# How do you solve 2x^2-2x-12=0?

Aug 15, 2016

$x = 3 \mathmr{and} x = - 2$

#### Explanation:

All the numbers in the equation are even, so divide through by 2.

${x}^{2} - x - 6 = 0 \text{ find factors}$

The factors of 6 which subtract to make 1 are 2 and 2.

$\left(x - 3\right) \left(x + 2\right) = 0$

If the answer to multiplication is 0, then one of the factors must be 0,

If $x - 3 = 0 , \text{then } x = 3$

If $x + 2 = 0 , \text{then } x = - 2$

Aug 15, 2016

$x = - 2 , x = 3$

#### Explanation:

The first step is to take out a $\textcolor{b l u e}{\text{common factor}}$ of 2.

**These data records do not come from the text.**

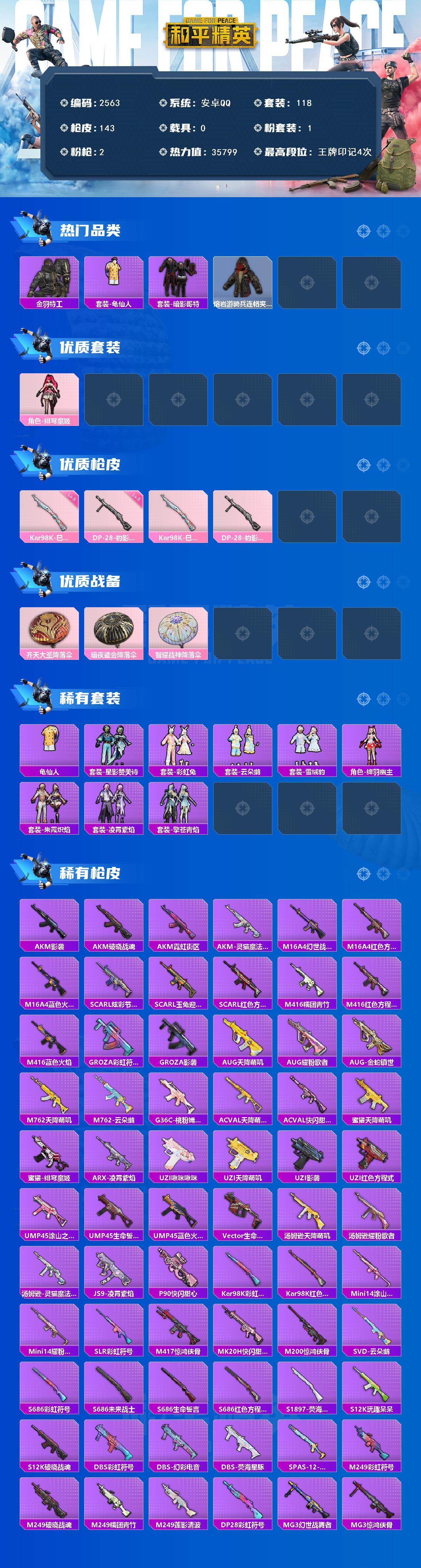 0载具-118套装-143呛皮-118套装/呛械2/装备142/战备90/王牌印记4/热力值35799/五级kar98k-巳巳如意/五级dp-28-豹影疾电/金羽特工/套装-龟仙人/套装-暗影哥特/熔岩游骑兵连帽夹克/角色-绯穹魔姬/kar98k-巳巳如意/dp-28-豹影疾电/齐天大圣降落伞/暗夜鎏金降落伞/智耀战神降落伞/炫彩糖果降落伞/龟仙人/套装-炫彩糖果/套装-星影赞美诗/套装-彩虹兔/套装-云朵鹅/套装-雪绒豹/
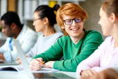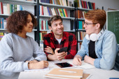 Zdjęcie "Wesoła dziewczyna i jej kolega słucha jednego z chłopaków, omawiając nowe kreatywne pomysły w klasie" może być wykorzystywane do celów osobistych i komercyjnych zgodnie z warunkami zakupionej licencji Royalty-free. Obraz jest dostępny do pobrania w jakości wysokiej rozdzielczości do 5760x3840.
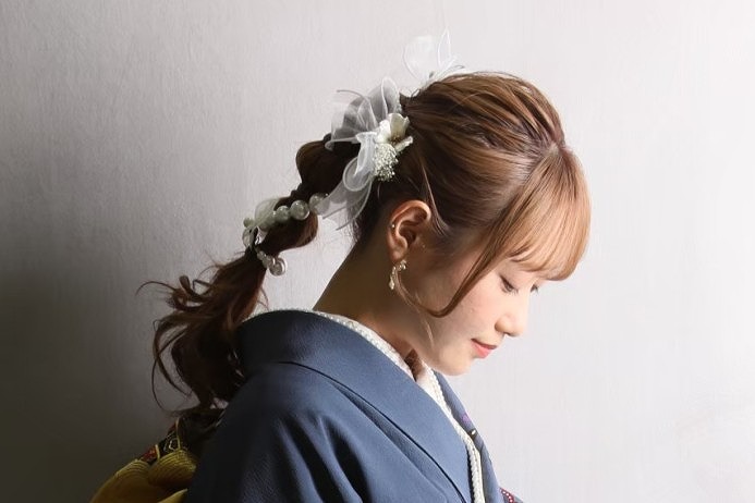 リボンの髪飾りは、可愛さ・上品さ・個性をすべて叶えてくれる万能アイテム。素材やアレンジの工夫次第で、伝統的な振袖スタイルにも現代的な華やかさをプラスできます。

$\Rightarrow 2 \left({x}^{2} - x - 6\right) = 0$

We now require to factorise the $\textcolor{b l u e}{\text{quadratic}}$ in the
bracket.

Find the factors of - 6 which sum to - 1.

These are - 3 and +2

$\Rightarrow 2 {x}^{2} - 2 x - 12 = 2 \left(x - 3\right) \left(x + 2\right) = 0$

Either of the factors (x - 3) , (x +2) can equal zero.

solve : $x - 3 = 0 \Rightarrow x = 3$

solve : $x + 2 = 0 \Rightarrow x = - 2$